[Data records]
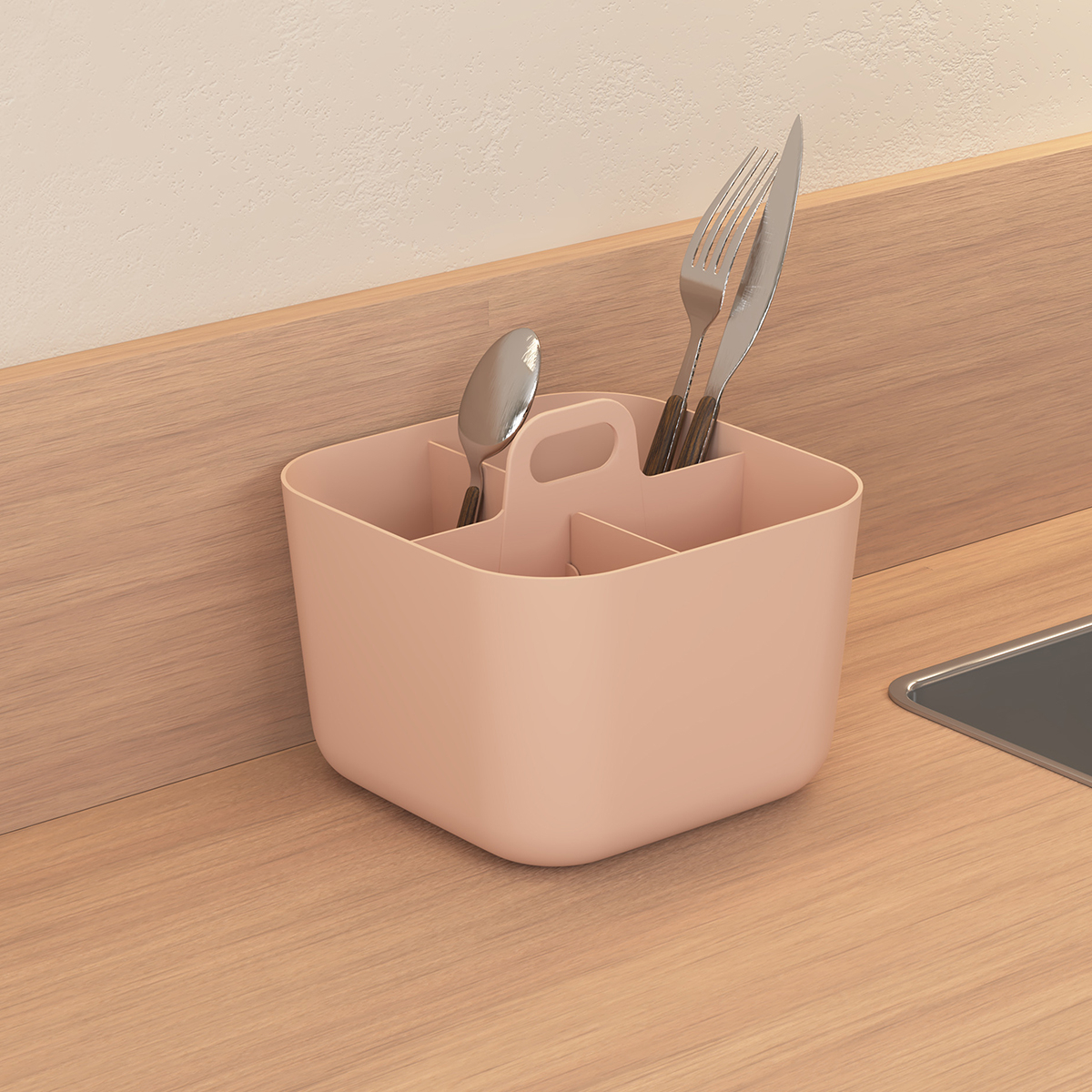 Κουταλοθήκη κατασκευασμένη από πλαστικό υλικό σε ροζ χρώμα. Διαθέτει 4 θήκες και 1 αποσπώμενο διαχωριστικό. Είναι ιδανική για να έχετε οργανωμένες τις κουτάλες πάνω στο πάγκο της κουζίνας σας. Διαθέτει λαβή για εύκολη μεταφορά. Μπορείτε να την χρησιμοποιήσετε και για να τοποθετήσετε τις κουτάλες σας ή τα μαχαιροπίρουνα την ώρα του φαγητού.
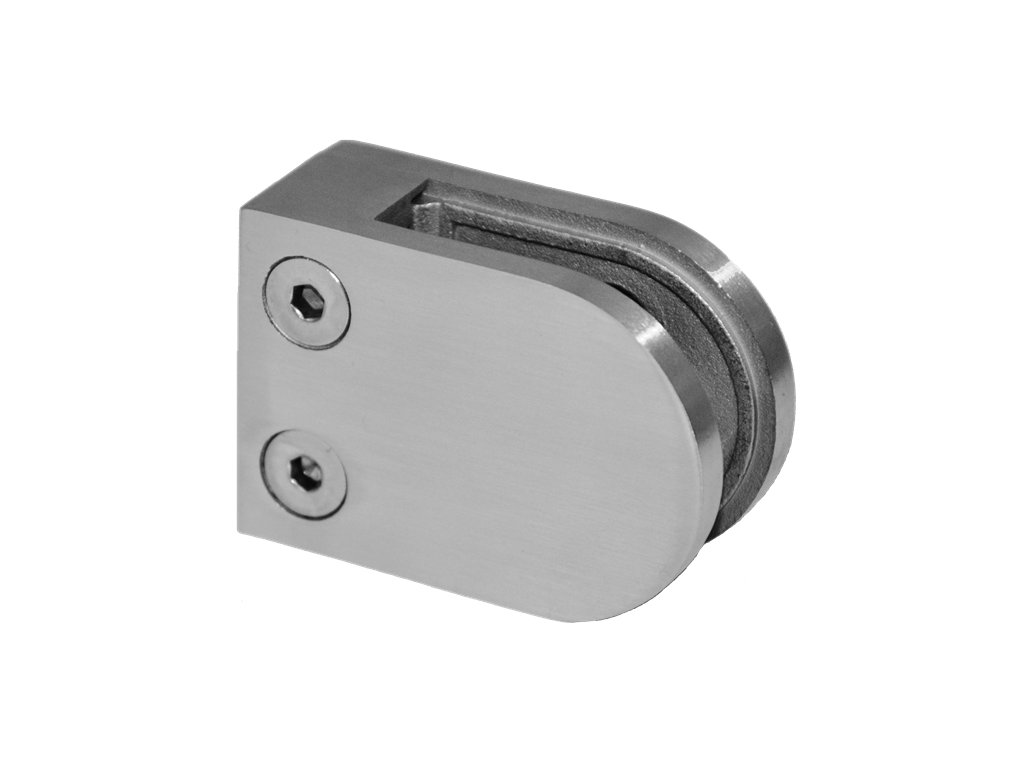 Svorka skla plochá (63x45x27 mm), broušená nerez K320 / AISI304, balení neobsahuje gumičky na sklo
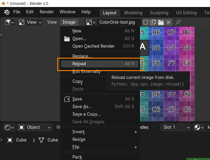 이 Reload 명령은 Image Editor에서 Image / Reload 라는 곳에 실행명령이 있습니다.
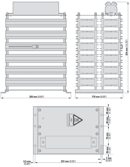 Reostato di frenatura, Descrizione: Combinazione di resistenze (forma costruttiva grandezza 2), con interruttore di monitoraggio temperatura, Con morsetti di collegamento, utilizzo con: DC1, DA1, DG1, SVX, SPX, Potenza continuativa al freno: PDB= 2.88 kW
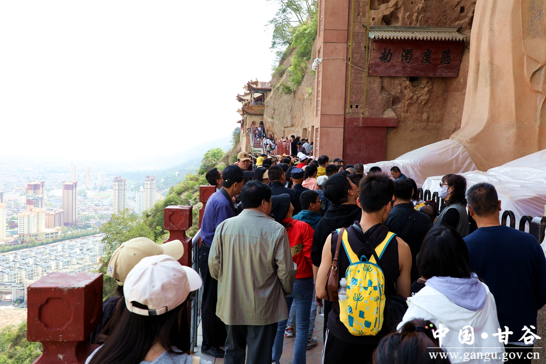 “甘谷塑佛造像可远溯北魏,先后共经历了四个朝代,三百多年......”,大像山景区服务中心讲解员张怡春在大佛造像脚下给游客讲述着大佛的悠久历史。“现场看大佛造像更加雄伟壮观,听了造像艺术和历史讲解,真心感觉不虚此行。”古代工匠的鬼斧神工和大像山的悠久历史令不少游客叹为观止。
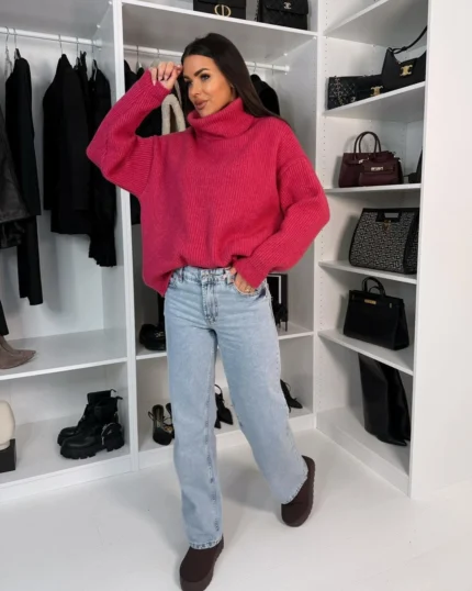 Πλεκτή oversized μπλούζα με ζιβάγκο
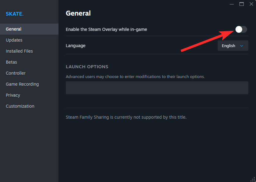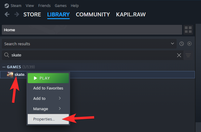 For Steam users, open the Steam app and go to Library. Right-click Skate in your Steam library and select Properties.

THE TASK: The records above are to be transcribed in full, with images omitted.

RESPONSE TO THE TASK:
 Κουταλοθήκη κατασκευασμένη από πλαστικό υλικό σε ροζ χρώμα. Διαθέτει 4 θήκες και 1 αποσπώμενο διαχωριστικό. Είναι ιδανική για να έχετε οργανωμένες τις κουτάλες πάνω στο πάγκο της κουζίνας σας. Διαθέτει λαβή για εύκολη μεταφορά. Μπορείτε να την χρησιμοποιήσετε και για να τοποθετήσετε τις κουτάλες σας ή τα μαχαιροπίρουνα την ώρα του φαγητού.
 Svorka skla plochá (63x45x27 mm), broušená nerez K320 / AISI304, balení neobsahuje gumičky na sklo
 이 Reload 명령은 Image Editor에서 Image / Reload 라는 곳에 실행명령이 있습니다.
 Reostato di frenatura, Descrizione: Combinazione di resistenze (forma costruttiva grandezza 2), con interruttore di monitoraggio temperatura, Con morsetti di collegamento, utilizzo con: DC1, DA1, DG1, SVX, SPX, Potenza continuativa al freno: PDB= 2.88 kW
 “甘谷塑佛造像可远溯北魏,先后共经历了四个朝代,三百多年......”,大像山景区服务中心讲解员张怡春在大佛造像脚下给游客讲述着大佛的悠久历史。“现场看大佛造像更加雄伟壮观,听了造像艺术和历史讲解,真心感觉不虚此行。”古代工匠的鬼斧神工和大像山的悠久历史令不少游客叹为观止。
 Πλεκτή oversized μπλούζα με ζιβάγκο
 For Steam users, open the Steam app and go to Library. Right-click Skate in your Steam library and select Properties.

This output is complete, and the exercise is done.